Blood rushes to my head as I work to get the RX in gear. It's stuck. No matter how hard I push in the clutch, I can't hit reverse. The car lurches forward.

“Reverse, Jules! Reverse!”

Panic seizes my vocal chords. “It won't pop into gear,” I screech.

Lights flash-blink-flash in my eyes.

Sirens roar.

I ram the stick shift left, up, left again, and stomp on the gas. The RX sputters and then pitches forward. Fast. Too fast. I slam on the brake, lift my foot off the clutch, and jam the car into neutral. It stutters to a stop.

Kevin's curse pinballs off the dash, and before I can even register what's happening, there's a sharp rap at my window. I'm surrounded by cops and staring into the barrel of a gun.
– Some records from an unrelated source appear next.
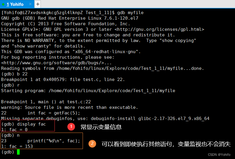 (gdb) display 变量 //常显示变量信息,不会随着指令的执行而消失
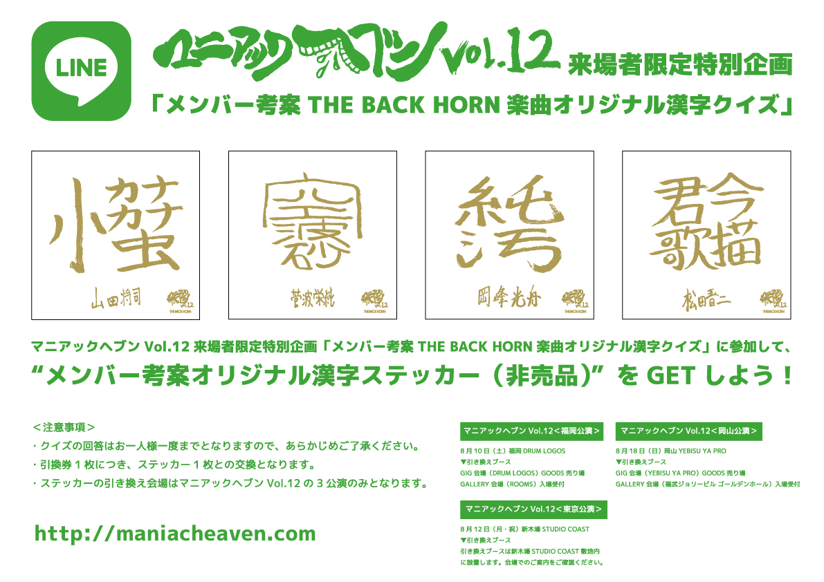 NEWSマニアックヘブンVol.12来場者限定特別企画「メンバー考案THE BACK HORN楽曲オリジナル漢字クイズ」実施!2019.08.08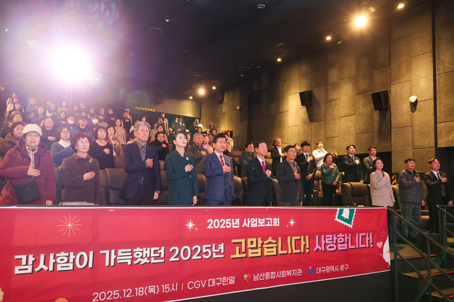 [시사뉴스 이성동 기자] 대구 중구(구청장 류규하)는 남산종합사회복지관(관장 윤보경) 주관으로 지난 지난 18일 CGV대구한일에서 후원자와 자원봉사자, 지역주민 등 100여 명이 참석한 가운데 2025년 한 해 동안의 사업과 성과를 공유하는 사업보고회를 개최했다.

My stomach begins a downward spiral.

I turn to Kevin for some kind of assurance, for him to tell me he'll stick with me on this. But the passenger door is slung open and somewhere in the distance I catch a glimpse of my ex-boyfriend's retreating ass.

My heart stalls with a twinge of pain. I shouldn't be surprised he bailed—everyone does. Still, nausea coils in my gut.

I swallow a dry heave and slap my hand over my face.

Fuck my life.

2

ELEVEN SCUFF MARKS ON THE
checkerboard floor. I missed a couple on first count—two black streaks under the far side of the table. They're important. Part of the interrogation process.

I picture “bad cop” yanking back the chair, metal legs screeching across the vinyl. He sits, stares, passes me a smoke like they do in the movies. Or maybe that's just for big-time criminals, like murderers and shit.

My stomach pirouettes.

I rub my wrists, red and raw from the handcuffs. Truth is, I didn't make it anywhere near the slammer. “Good cop” threw me in this room instead, leaving me to stew about Kevin, my stupidity, my very bleak future.

I should be at the chop shop collecting my cash and hitting up In-N-Out Burger with my boyfriend. Instead, I'm staring at four beige walls and a fist-size hole I bet one of the
big-time
criminals made after “bad cop” delivered “bad” news. My fingers curl until they form fists.

Ineffective anger management,
my social worker's voice plucks in my subconscious.